Günther se sentía pleno. La «Operación San Pedro», como él la denominaba, consolidaría su prestigio. Cuando recibió la llamada de un secretario del Vaticano, en un primer momento creyó estar entrando en el paraíso; sin embargo su semblante fue cambiando cuando esa voz pausada le fue enumerando una lista de horribles muertes. «Es un menú del destino», le dijo con ironía, «el Señor decide, no todos pueden elegir su final».

Al día siguiente, un atemorizado Günther depositaba en el Banco Vaticano una millonaria suma de dólares «para obras de caridad» y, junto a Michelle, abandonaba presuroso Roma.

Lucas se despertó con ese típico sopor que deja una siesta a deshoras. Había dormido más de un día. Tal era el agotamiento creador.
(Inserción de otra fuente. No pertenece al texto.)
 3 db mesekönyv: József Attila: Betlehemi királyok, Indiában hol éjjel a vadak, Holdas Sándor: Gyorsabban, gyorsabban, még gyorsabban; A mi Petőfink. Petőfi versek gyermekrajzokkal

Fue a darse un baño refrescante, se vistió y salió a desayunar a un café cercano.

—Lo de siempre —ordenó al camarero—, ¿usted es nuevo aquí?

—Llevo veinte años.

Lucas se dio cuenta de que su agotada musa lo había confundido de sitio.

—De acuerdo —corrigió—, tráigame un café con leche con croissants, y un vodka tonic.
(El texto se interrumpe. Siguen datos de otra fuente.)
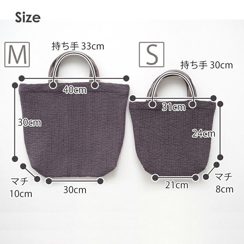 SNS等で大人気!おしゃれママさんの間で流行中の「ヌビバッグ」。 デコレクションズの大人気オリジナルカラー・ヌビキルティング生地を使用。 綿100%のコットン生地で中綿をサンドした生地は、もちもちした優しい肌触りとナチュラルなシワ感が特徴です。 可愛すぎない絶妙なくすみカラーと、スタイリッシュかつシンプルなデザインで、大人から子供まで世代を超えて気軽にお使いいただけます。コーディネートやシーンを選ばず、メインでもサブバッグとしてもオールシーズン活躍します。 Mサイズは、A4サイズが縦でも横でもすっきり収まる使い勝手の良いサイズ感で、通勤や通学にもおすすめ。約10cmのマチ付きで収納力はバッチリ! Sサイズは小ぶりなわりに意外と入るので、コンパクトにまとめたい方におすすめ!約8cmのマチ付きなのでコンパクト見えで収納力もしっかりほしい方に◎ 大きな口で中身が見えやすく、荷物の出し入れも楽チン。とっても軽量で、シワを気にせずコンパクトに折り畳めるのも嬉しいポイント。 スマホや小物の収納に便利な内ポケット&開口部はマグネットボタン付きでしっかり中身を隠せます。 持ち手はパイピングにすることで、手が痛くなりにくく、たくさん荷物を入れても安心な丈夫さ◎ 洗濯機の手洗いコースで丸洗いができ、薄く乾きやすいためお手入れらくらく。 いつでも清潔に保てるため、デイリーユースやお子様用レッスンバッグにもぴったりです。 こちらは、自然な色の濃淡とふんわり柔らかい肌触りに仕上げるピグメント染色をほどこしております。 お洗濯を重ねることで色味と風合いが馴染み、味わい深い独特のフェード感と表情の変化を楽しめます。 ヌビバッグ マチ付き ヌビ イブル 韓国 雑貨 キルティングバッグ レッスンバッグ おけいこバッグ 洗える 保育園 幼稚園 小学校 スクールグッズ 通園 通学 準備 入園 入学グッズ サブバッグ マザーズバッグ ママバッグ マザーバッグ トートバッグ キルトバッグ 軽量 男の子 女の子 大人 シンプル かわいい オシャレ 人気 おしゃれ かっこいい 流行 ブーム インフルエンサー ユニセックス レディース 大きめ 出産 出産祝い 軽い 大きい 布 オールハンドメイド 韓国製 上靴入れ 手提げかばん マグネットフック付き 内ポケット 手作り縫製済み完成品です。手作りキットではございません。 サブバッグ/トートバッグ/ランチバッグ de suite/デスイート/マチ付きヌビバッグ(Mサイズ/Sサイズ) SNS等で大人気!おしゃれママさんの間で流行中の「ヌビバッグ」。 デコレクションズの大人気オリジナルカラー・ヌビキルティング生地を使用。 綿100%のコットン生地で中綿をサンドした生地は、もちもちした優しい肌触りとナチュラルなシワ感が特徴です。 可愛すぎない絶妙なくすみカラーと、スタイリッシュかつシンプルなデザインで、大人から子供まで世代を超えて気軽にお使いいただけます。コーディネートやシーンを選ばず、メインでもサブバッグとしてもオールシーズン活躍します。 Mサイズは、A4サイズが縦でも横でもすっきり収まる使い勝手の良いサイズ感で、通勤や通学にもおすすめ。約10cmのマチ付きで収納力はバッチリ! Sサイズは小ぶりなわりに意外と入るので、コンパクトにまとめたい方におすすめ!約8cmのマチ付きなのでコンパクト見えで収納力もしっかりほしい方に◎ 大きな口で中身が見えやすく、荷物の出し入れも楽チン。とっても軽量で、シワを気にせずコンパクトに折り畳めるのも嬉しいポイント。 スマホや小物の収納に便利な内ポケット&開口部はマグネットボタン付きでしっかり中身を隠せます。 持ち手はパイピングにすることで、手が痛くなりにくく、たくさん荷物を入れても安心な丈夫さ◎ 洗濯機の手洗いコースで丸洗いができ、薄く乾きやすいためお手入れらくらく。 いつでも清潔に保てるため、デイリーユースやお子様用レッスンバッグにもぴったりです。 こちらは、自然な色の濃淡とふんわり柔らかい肌触りに仕上げるピグメント染色をほどこしております。 お洗濯を重ねることで色味と風合いが馴染み、味わい深い独特のフェード感と表情の変化を楽しめます。 →その他のヌビバッグはこちらから ■商品詳細 サイズ 【Mサイズ】 幅:約40cm(底幅:約30cm)×高さ:30cm×マチ:10cm 持ち手(長さ) 33cm 内ポケット(長さ) 縦:約17.5cm×横:約20cm 【Sサイズ】 幅:約31cm(底幅:約21cm)×高さ:24cm×マチ:8cm 持ち手(長さ) 31cm 内ポケット 縦:約15cm×横:約17cm 底板:約22.5cm×8cm(厚さ2.5mm) 重さ Mサイズ:約207g Sサイズ:約150g(底板なしの場合) 素材 ヌビキルティング生地(表・裏/コットン100%・中綿/ポリエステル100%) 企画・監修 日本 縫製 韓国または日本 お手入れ方法・使用上の注意 ・お洗濯は洗濯ネットや中性洗剤を使用して手洗いかドライコースで洗濯することをお勧めします。 ・ヌビバッグの生地は、染色・素材の特性上、水分・摩擦などにより色落ちすることがございます。お洋服や他バッグ等への色移りに十分ご注意下さい。

—No vendemos bebidas alcohólicas.

—Suspenda el café con leche.

—No, eso sí hay.

—Suspenda los croissants.

—También tenemos.

—Entonces un vodka tonic con croissants.

—Señor, café con leche es lo que tenemos.

—De acuerdo, un vodka tonic con croissants y agréguele el café con leche.

—Señor… —suspiró el mesero.

—¿¡Quiere dejar de preguntarme cosas!? —lo interrumpió Lucas—, ¡traiga lo que quiera… y ya!

El mesero se retiró, discreto. Lucas tomó un periódico que alguien había abandonado sobre la silla. Lo abrió, y sin querer fue a dar a las páginas culturales; su vista se clavó en un anuncio que parecía dirigido a él:

«Talleres de creación literaria. Organizados por la Alcaldía Municipal. Inscripción gratuita». Eso es lo que yo necesito, he ahí mi salvación —pensó—, mientras el mesero se acercaba con una bandeja cargada de tenedores, pan viejo, dos gaseosas, una lata de atún, tres botellas de yogur, mermelada, frutas tropicales, un destapador, dos ceniceros llenos, masas vienesas, jamón cortado grueso y mantequilla.